Richard Hyatt

Richard Hyatt: Muscogee County Superintendent David Lewis fulfills his promise

Educators should be happy now. Their leader has a Ph.D.

From the moment David Lewis was hired as superintendent of schools in Muscogee County, people in a profession that sometimes reveres the number of diplomas on a person's wall more than it does the knowledge in their head snickered that the new guy didn't have a terminal degree.

The day he was hired 17 months ago, Lewis said he was enrolled in a doctoral program at National Louis University in Florida, and since then he has made lonely weekend drives between Columbus and Tampa. This week was his final trip.

His thesis was completed and Thursday morning he faced a faculty panel that required him to defend his work. After lunch they congratulated Dr. Lewis.

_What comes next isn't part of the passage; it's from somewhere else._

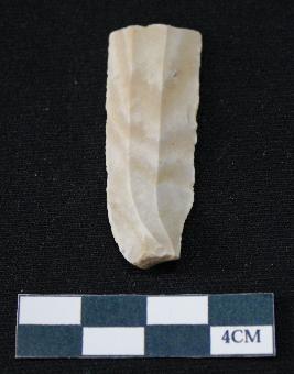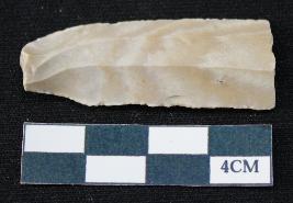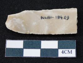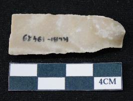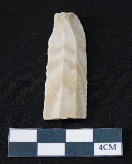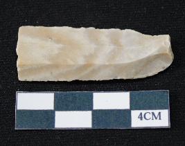 | Description / विवरण | Fragment of blade is off white in color, having positive bulb of percussion at one end, other end is broken, smooth body, sides are retouched and ridges on the top. |

You might want to pick up a copy. The title is "Applying Social Return on Investment Analysis in Polk County Public Schools" If the document lives up to its catchy title, it must be a good read.

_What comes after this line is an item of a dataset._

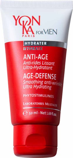 Yon-Ka. This luxurious moisturizer deeply hydrates for a softer, healthier-looking complexion. Formulated with a blend of botanicals and essential oils, this lightweight formula works by increasing skin's hydration levels by 115%. It smooths fine lines, repairs damage, and regenerates new skin cells with growth factors and stem cells. The formula also contains strong antioxidants which protect skin from environmental damage and significantly slows signs of aging. Formulated especially for men, Age Defense Moisturizer is ideal for use after shaving.
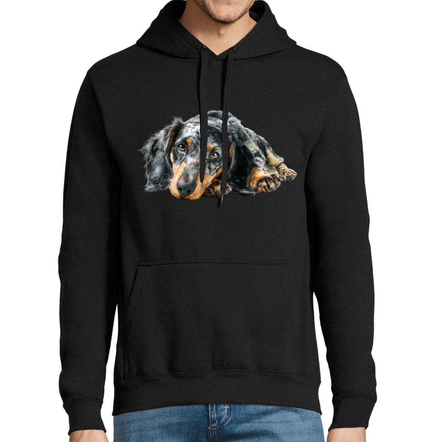 Pánská mikina Černý Jezevčík Krátkosrstý. Jezevčík leží v tichu, hlavu položenou, oči plné důvěry a klidu. Přesně ty chvíle, které každý pejskař zná – žádná akce, žádný hluk, jen přítomnost a pocit, že nejsi sám. Motiv působí jemně, hřejivě a opravdově. Ideální pro milovníky psů, klidných momentů a obrázků, které mají duši a umí zpomalit den.

In serious tones, this is a monument to his staying power as much as anything. He could have quit; when he moved, a 50-mile drive to class became a 400-mile journey down Interstate 75. More than anything, finishing that degree was the fulfillment of a promise he had made to his late parents.

It is the final hoop that Lewis has to jump through in a self-perpetuating world that insures the existence and prosperity of schools of education.

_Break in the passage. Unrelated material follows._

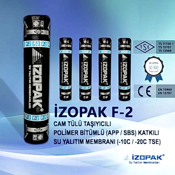 F-2 bitümlü su yalıtım membranları fibrocam tel takviyeli camtülü taşıyıcılı, APP (Atactic Polypropylene) katkılı,her iki yüzü polietilen film kaplamalı olup taşıyıcının bitüm asfalt ile doyurulması sonucu elde edilir. F-2 Fibrocamlı su yalıtım membranı genel olarak çatılarda, pergule ve su yalıtım izolasyonu gerektiren yalıtım noktalarında kullanır.

At his level, it does not mean a pay raise, but for lower-level educators, additional diplomas are gold. The more degrees an educator collects, the more money he or she gets on payday.

Lewis deserves applause for his persistence, but in reality his doctorate does not mean he will be a better school superintendent just as it does not guarantee that teachers or principals who earn such degrees are better performers in the schoolhouse.

But in this close-knit fraternity, it was awkward for the top administrator not to have an advanced degree when nine of his principals and a score of others in the chain of command have doctorates.

This tradition dates back as far as Dr. William Henry Shaw, who became superintendent in 1945. Since then, eight of the system's nine chief administrators have been doctors of education.

And once again, there is a doctor in the house.